> [Problem description]: In the data below, set down exactly the lines from the one containing "A lelkészcsalád a" up to and including the one containing "Cette stèle funéraire". Leave the pictures out.

Source records:
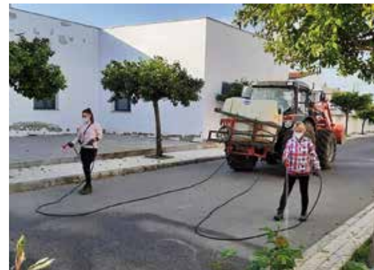
Tareas de desinfección en Valsequillo

A finales de abril hay en Fuente Obejuna 20 casos, en Peñarroya 9 y en Belmez 12.
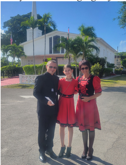
A lelkészcsalád a Miami-i Krisztus Magyar Egyház temploma előtt
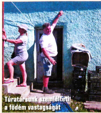
Túratársunk szemlélteti a földem vastagságát
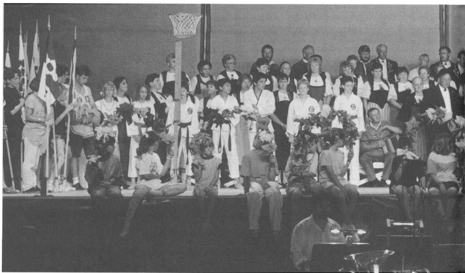
Festspiel «Langenthal im Bärnbiet lyt». Gesamtbild der Mitwirkenden in der Festhütte beim Waldhof.
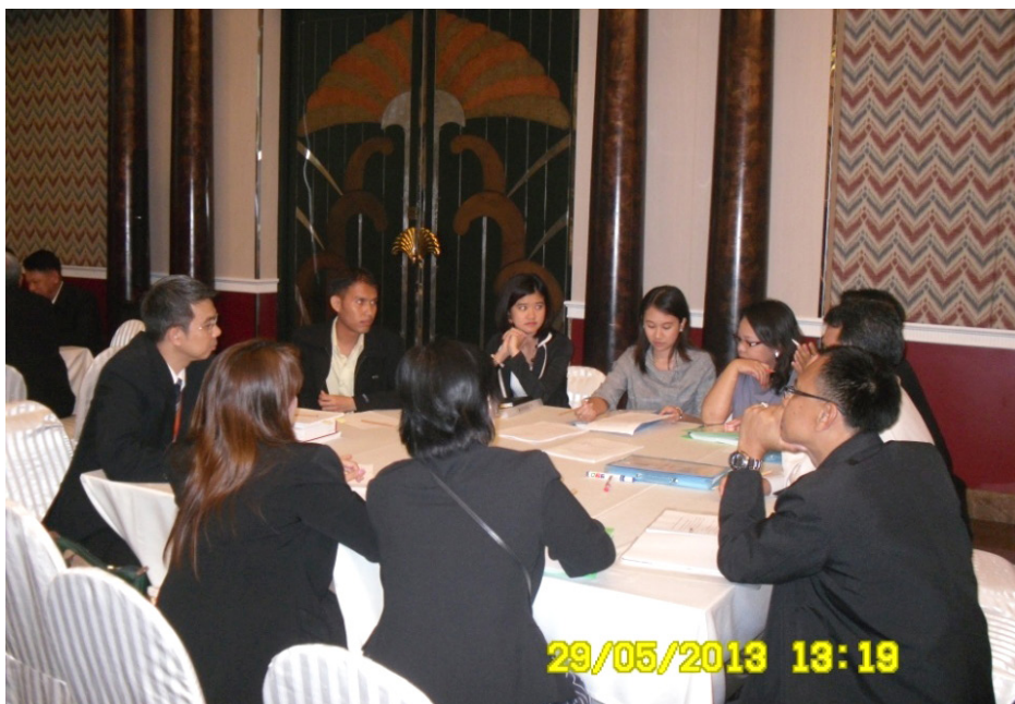
การประชุมกลุ่มย่อยระดมความคิด (Workshop Brainstorming)
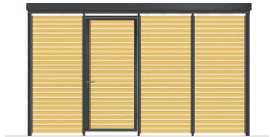
Holz zwischen den Stützen
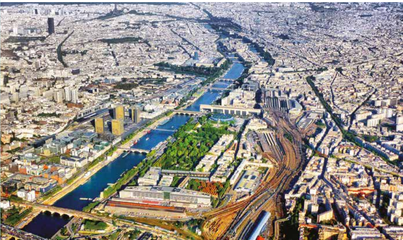
Aerial view of Paris, France
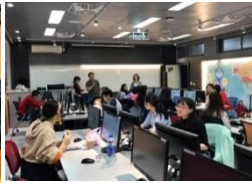
商貿智慧虛擬 互動中心
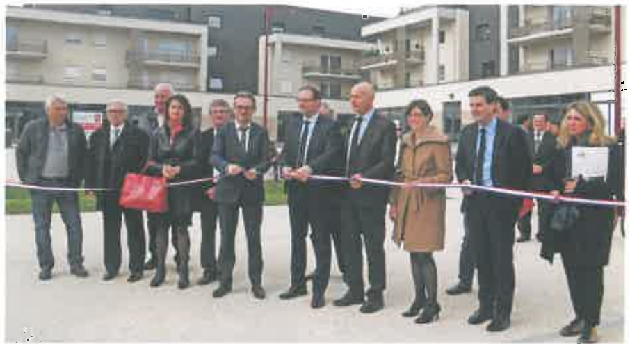
La Filature, vaste ensemble de commerces, de bureaux et de logements, vient d'être inauguré à Chaligny.
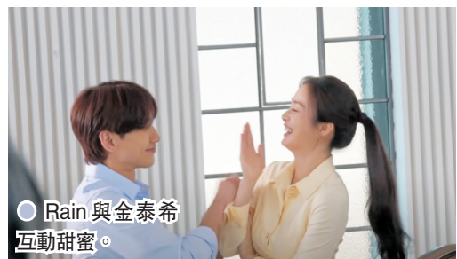
● Rain與金泰希互動甜蜜。
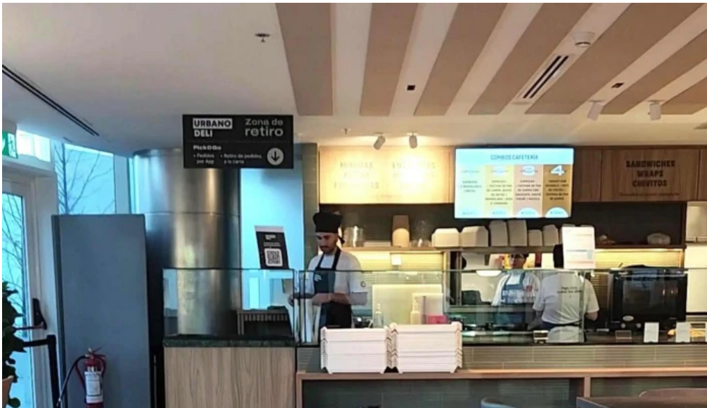
Urbano deli comentario 8
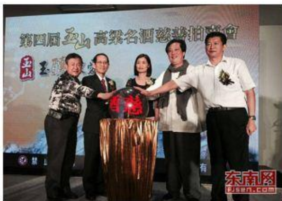
第四届玉山高粱名酒慈善拍卖会

声明: 本文由入驻搜狐媒体平台的作者撰写,除搜狐官方账号外,观点仅代表作者本人,不代表搜狐立场。
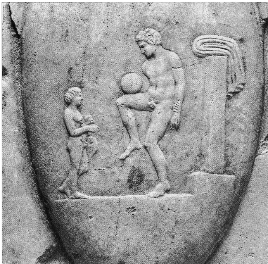
Cette stèle funéraire en marbre représente le premier joueur de football de l'histoire du sport, dit-on (Ive siècle avant J.-C.). Elle fait partie de l'exposition «Le Corps et l'Esprit» présentée par la Fondation de L'Hermitage à Lausanne (voir ci-contre).

Rien n'y fit: on jouait toujours et de plus en plus violemment. Dans le «Roi Lear», Shakespeare qualifie un de ses personnages de vil joueur de ballon , ce qui veut tout dire. La violence était telle qu'on pria dans les églises: ... Seigneur, éloignez de nous ce jeu. Qui est
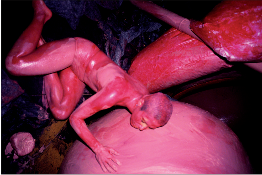
Figure 2 - Rachat , Centre culturel de la banque du Brésil, 2001

la fuite du prisonnier. Tunga construit une métaphore, en se servant de cette scène pour activer le rapport entre prison et liberté. La performance Tereza fut réactualisée dans d'autres villes 3 et à chaque fois elle se transforma, et de nouveaux sens y furent ajoutés, en fonction des rapports établis avec d'autres travaux et aspects culturels locaux. À São Paulo et à Brasília, elle fut réalisée au Centre Culturel de la Banque du Brésil (CCBB), et s'intitula respectivement Resgate [Rachat], comme une opération bancaire, et Assalto [Hold-up].
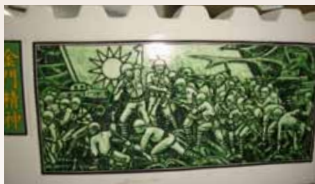
民國78年10月參加古寧頭大捷40週年慶祝活動獲贈紀念酒照片（反面）。
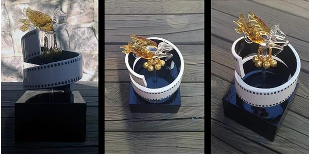
Şekil 3. Ödül heykelciği (2014)
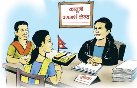
कानुनी परामर्श लिऔं । जिल्ला कानुनी सहायता केन्द्रमा यस्ता सेवा निशुल्क पाईन्छ ।
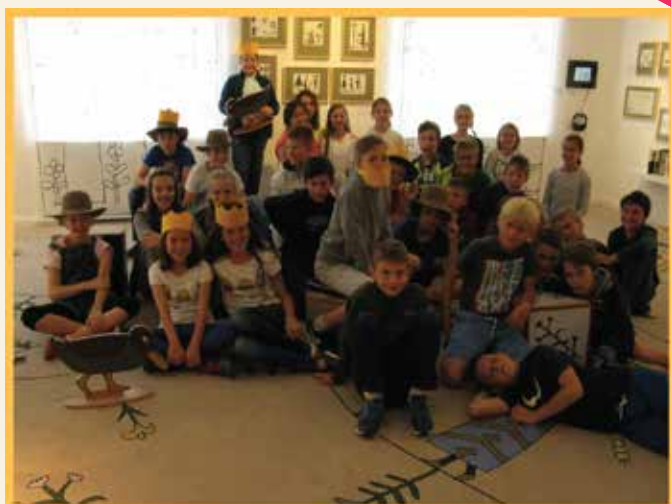
Németh Lászlósok 5.a osztály
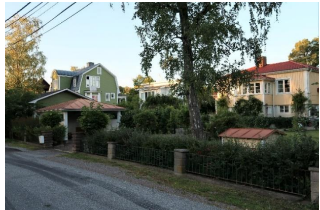
Figur 16. Äldre villabebyggelse vid Lövdalsvägen.

Längs Skogdalsvägen, Plantvägen och Lövdalsvägen ligger ett relativt flackt område som präglas av stora tomter med bevarade gamla träd och rik grönska.

> [Response]:
A lelkészcsalád a Miami-i Krisztus Magyar Egyház temploma előtt
Túratársunk szemlélteti a földem vastagságát
Festspiel «Langenthal im Bärnbiet lyt». Gesamtbild der Mitwirkenden in der Festhütte beim Waldhof.
การประชุมกลุ่มย่อยระดมความคิด (Workshop Brainstorming)
Holz zwischen den Stützen
Aerial view of Paris, France
商貿智慧虛擬 互動中心
La Filature, vaste ensemble de commerces, de bureaux et de logements, vient d'être inauguré à Chaligny.
● Rain與金泰希互動甜蜜。
Urbano deli comentario 8
第四届玉山高粱名酒慈善拍卖会

声明: 本文由入驻搜狐媒体平台的作者撰写,除搜狐官方账号外,观点仅代表作者本人,不代表搜狐立场。
Cette stèle funéraire en marbre représente le premier joueur de football de l'histoire du sport, dit-on (Ive siècle avant J.-C.). Elle fait partie de l'exposition «Le Corps et l'Esprit» présentée par la Fondation de L'Hermitage à Lausanne (voir ci-contre).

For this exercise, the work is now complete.